Because if it's in the actual language the compiler can enforce it. As it does today. So the same benefits as static typing in general (although not of as much benefit as, e.g. knowing that a variable is a number and not a string).
From a user perspective, machine-validated is usually better than unvalidated. Documentation is great except when it's outdated or flat-out wrong (SingleValueDecodingContainer et al), which is all too often. I love documentation because it can be game-changing, when done right, but I also hate it because most of the time it's done wrong (or not at all).
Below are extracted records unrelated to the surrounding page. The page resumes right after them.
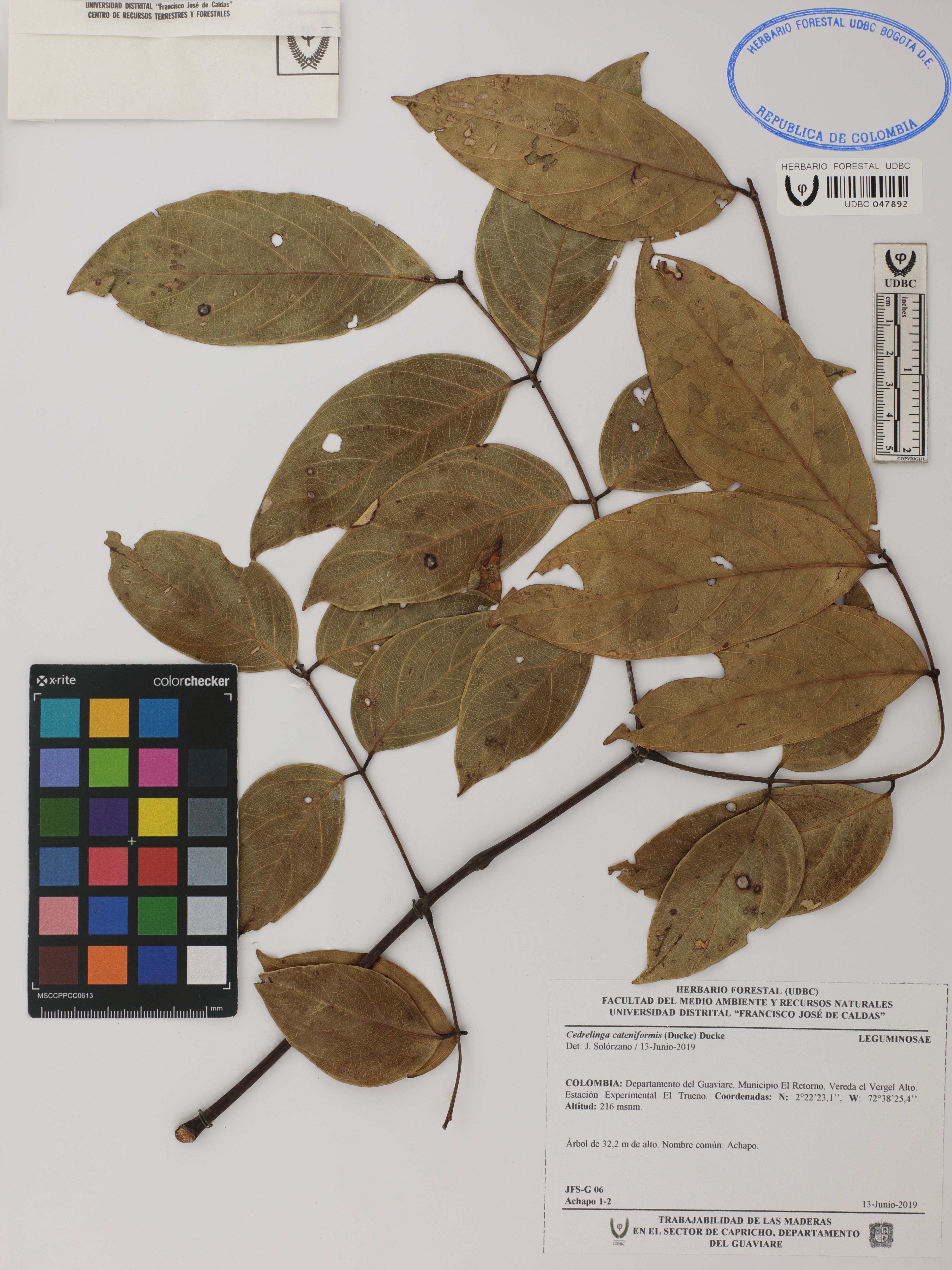Fotografía del ejemplar Solorzano, J. 6, determinado como Cedrelinga cateniformis en el año 2019
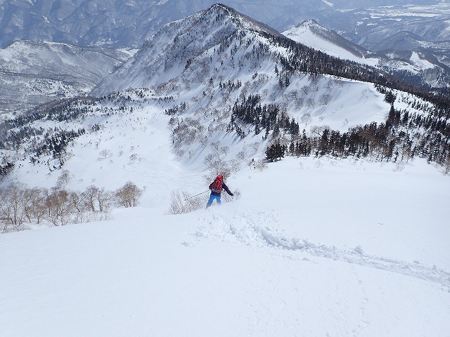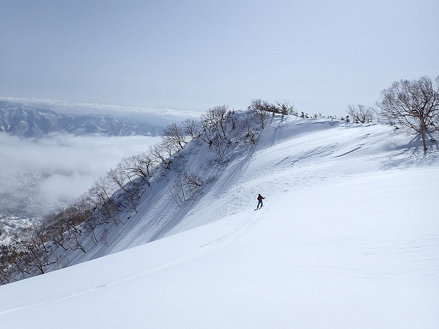 左・左と尾根を滑降していきますが、目の前に雪庇がでてきて、左に行こうとすると尾根が間違っていることに気づきました。正しい尾根に戻り滑降を続けます。順調に尾根を滑降。前回同様に二人だけのシュプールをゲレンデ上部に描くことができました。
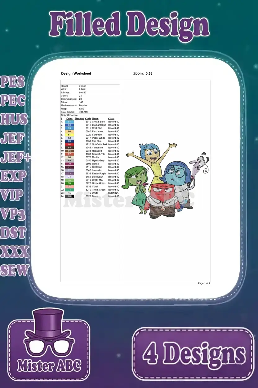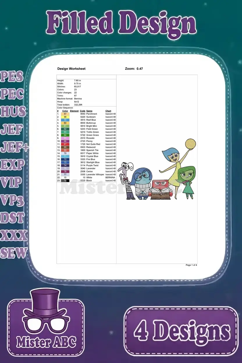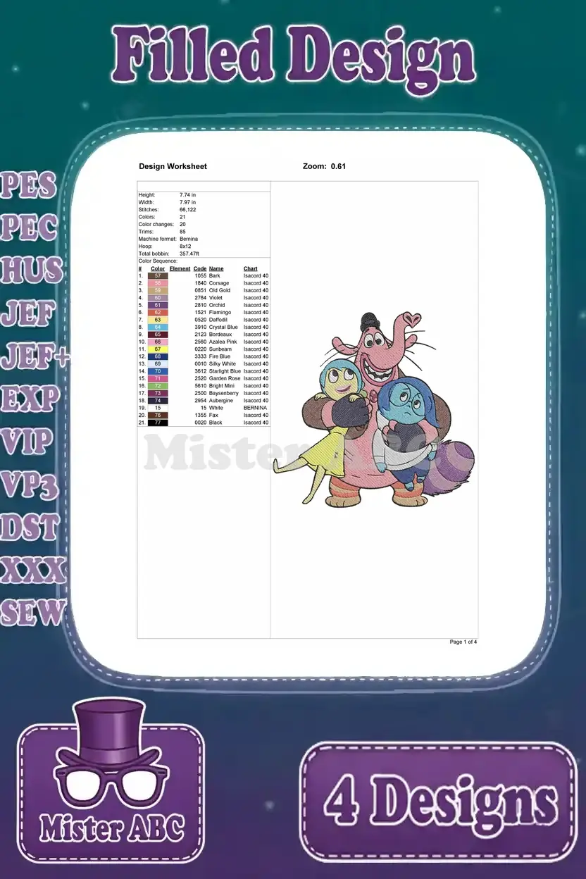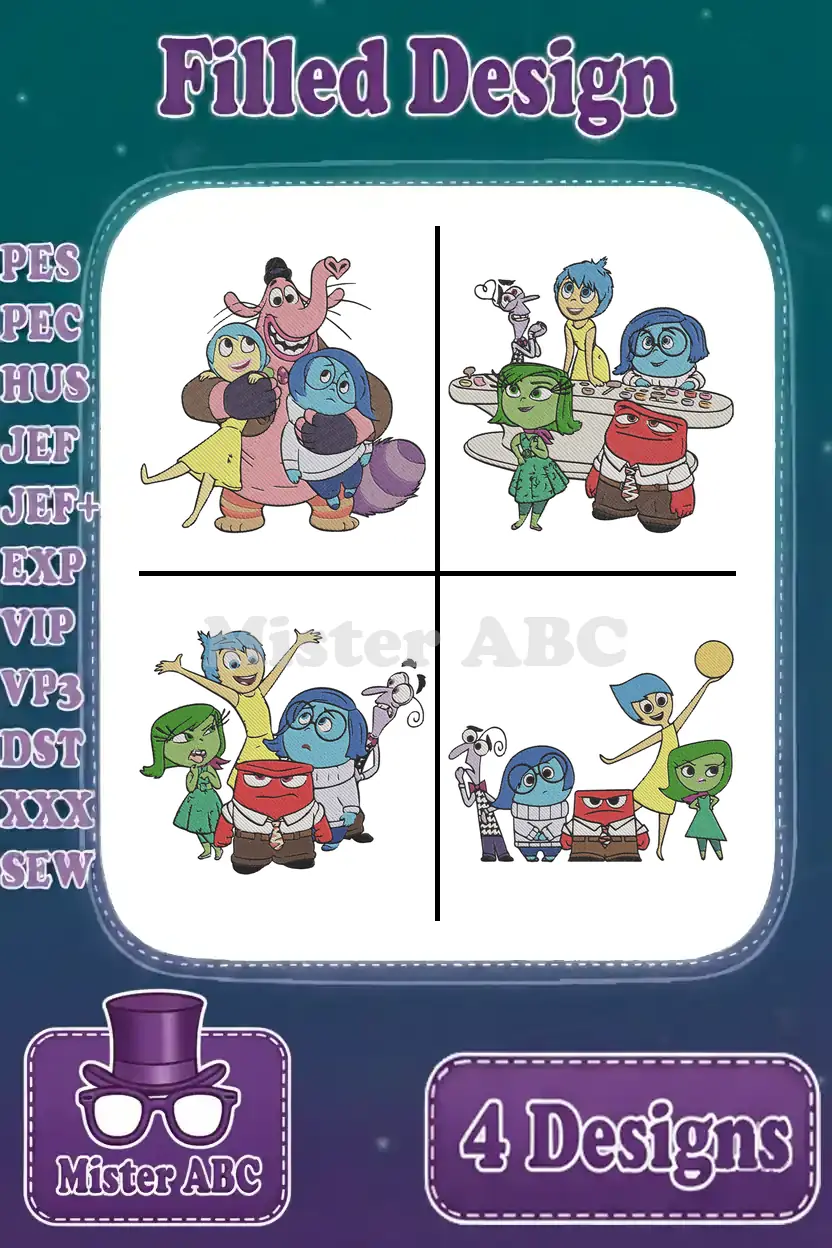 A vibrant bundle of four filled embroidery designs featuring beloved Inside Out characters for your projects!
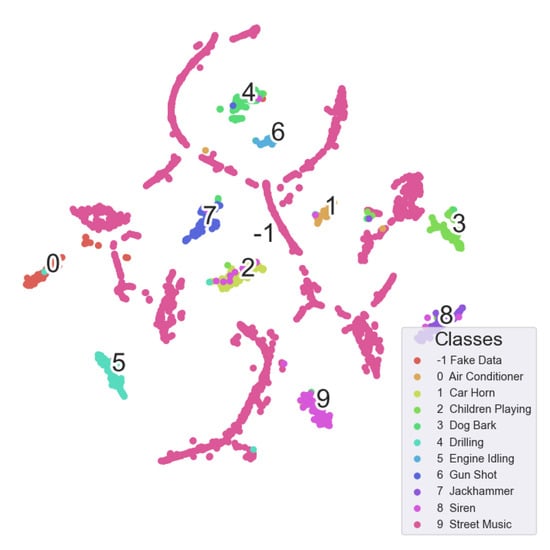 Taking the UrbanSound8K dataset as an example, Figure 14 illustrates the t-SNE visualization of both the pre-logit output vectors from and the generated samples. The results demonstrate that the generated samples are distributed around the periphery of known samples while maintaining minimal overlap with them, which aligns with our objective of generating samples with distinct distributions from known classes. This provides empirical evidence that our proposed data augmentation method can effectively generate samples resembling unknown classes. Furthermore, the distance histogram distribution shown in Figure 7 confirms that these generated samples are predominantly located in the tail regions (edge positions) of known sample distributions. Collectively, these findings substantiate that our proposed algorithm can successfully generate edge samples that effectively simulate unknown samples in open-set recognition scenarios.
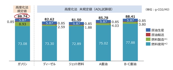 また、GHG排出量を比較すべき化石燃料(ベースライン)としては、液体化石燃料のうち最も需要量が大きいガソリンとする。すでにエネルギー供給構造高度化法においては、バイオエタノールのGHG排出量削減基準として、ガソリンのライフサイクルGHG排出量88.74g-CO2e/MJを使用しているため、合成燃料についてもこれを基準として使用する。なお、EUの基準値は94.0g-CO2e/MJである。
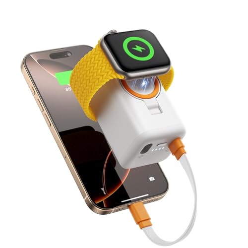 JOYROOM 5000mAh Mini Powerbank für iPhone und Apple Watch,[USB Pirαtе#-Dеαls C auf iOS Dual Port Ladekabel], Tragbares Ladegerät mit iPhone17/16/15/14/13 und iWatch Series11/10/9/8/7/6/SE/4/3/2/Ultra2/Ultra-Weiß
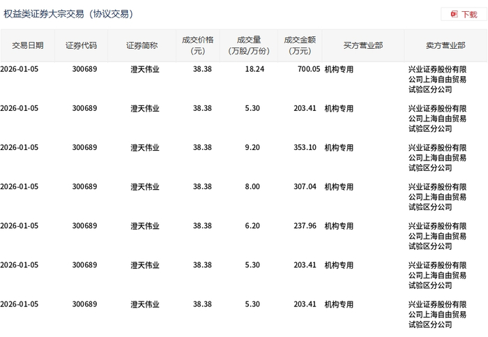 1月5日,澄天伟业大宗交易成交57.54万股,成交额2208.38万元,占当日总成交额的18.68%,成交价 38.38元,较市场收盘价46.81元折价18.01%。 | 交易日期 | 证券代码 | 证券简称 | 成交价格 | 成交量 | 成交金额 | 买方营业部 | 卖方营业部 | | --- | --- | --- | --- | --- | --- | --- | --- | | | | | (元) | (万股/万份) | (万元) | | | | 2026-01-05 | 300689 | 澄天伟业 | 38.38 | 18.24 | 700.05 机构专用 | | 兴业证券股份有限 | | | | | | | | | 公司上海自由贸易 | | | | | | | | | 试验区分公司 | | 2026-01-05 | 300689 | 澄天伟业 | 38.38 | 5.30 | 203.41 机构专用 | | 兴业证券股份有限 | | | | | | | | | 公司下海自由贸易 | | | | | | | | | 试验区分公司 | | 2026-01-05 | 300689 | 澄天伟业 | 38 ...
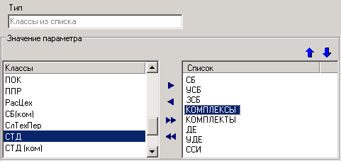 · Классы из списка – несколько значений из списка классов, имеющихся в системе
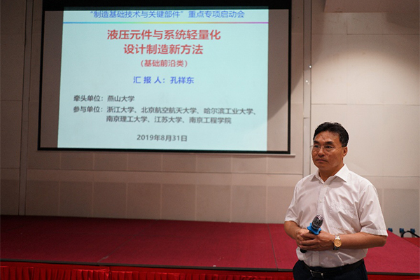 The project “New Method for Lightweight Design and Manufacturing of Hydraulic Components and Systems” belongs to the national key R&D plan “Making basic technology and key components”, and is presided over by Prof. Kong Xiangdong from the School of Mechanical Engineering of Yanshan University, with a total funding of 13.48 million yuan. The project aims to reduce the weight of the mobile equipment hydraulic system. Through the weight reduction of hydraulic oil source, integrated actuator, hydraulic cylinder, fuel tank and integrated unit, a new method for lightweight design and manufacture of hydraulic components and systems is formed. The successful convening of the kickoff meeting marked the successful implementation of the implementation plan for the project and officially entered the implementation phase.
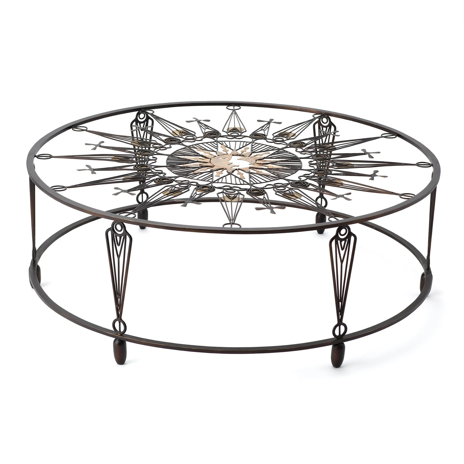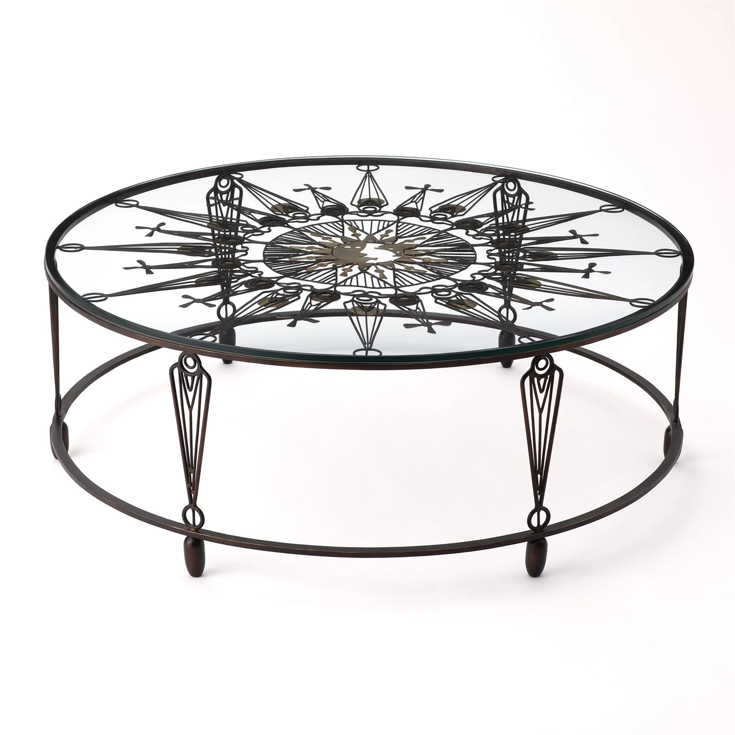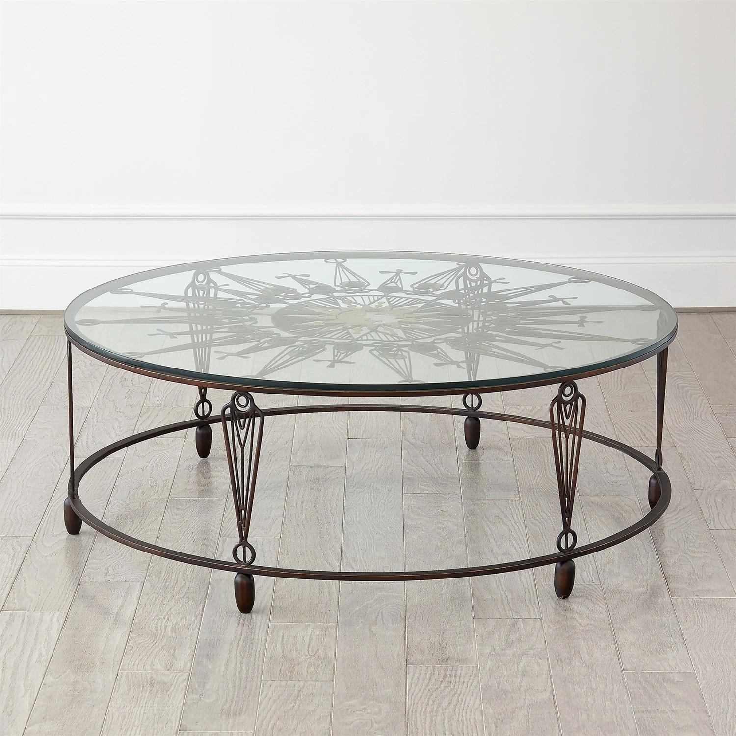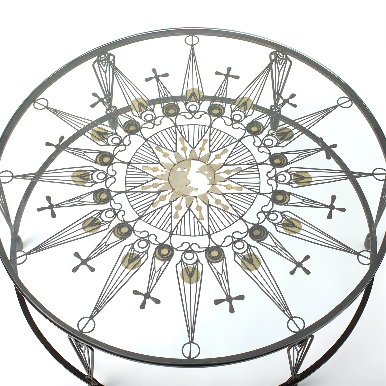 Our Soleil Collection references the magnificence of the sun and our solar system. Radial rays emanate from the center, creating a stylized sunburst effect. The Collection offers a cocktail table and wall mirror. Each sold separately.
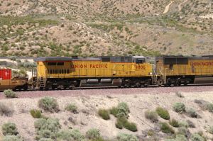 | UP 4122 = EMD SD70M, built 2000 - 2494 | UP 9806 = GE C44-9W, built 1994 - 2495 | the engines are crossing Powerline Road - 2496 |
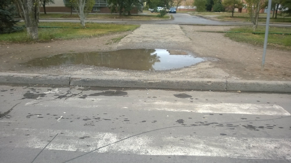 Силами МБУ "Комбинат благоустройства" выполнены работы по ликвидации лужи на указанном в обращении тротуаре.

But validation isn't magically free - from a compiler-author perspective, for example, it may be much less attractive in some cases. I gather rethrows
might be one of them, given @Douglas_Gregor bringing up this existential question about rethrows
to begin with. It sounds like it's hard to actually implement rethrows
and typed throws together.
Indeed.
And it's a little like throwing vs non-throwing to begin with. If you have a function func foo(…) {}
- no throws annotation - you know you can call it and it's "transparent", in an error-handling sense. It's not something you need to worry about in terms of failure origin points within your program. Whereas func bar(…) throws {}
has to be approached more carefully - not just syntactically with the required try
keywords etc, but logically as you design your program and reason about its failure modes. You have to ask questions like "what should my program do if this specific thing fails - what does it mean if this things fails?", "how do I present this to the user?", etc.
So a function that rethrows
[only] is also "transparent" in this sense. You do still have to use try
etc, but the function is merely on the path of errors, not an origin of errors. So it doesn't add any additional burden to your design-level thinking w.r.t. failure modes.
It depends on the definition of E
. For the most generic case - E: Error
- indeed I don't see a realistic way for f
to make a new one. But one certainly can constrain E to a protocol that facilitates it. e.g.:
/// Enhanced error protocol for all Acme Corp libraries,
/// that provides important fundamental error functionality.
protocol StandardError: Error {
…
static func missing(argument: String,
function: String = #function,
file: String = #file,
line: Int = #line) -> HandyError
…
}
func f<E: StandardError>(_ g: () throws(E) -> Void) throws(E) {
throw E.missing(argument: "g")
}
Now, how common or useful that is, I dunno. My own use of errors tends to be pretty straight-forward, largely just plain error enums. But I write Swift solo, not as part of a big company. And big companies have amazing abilities to complicate everything, for better or worse.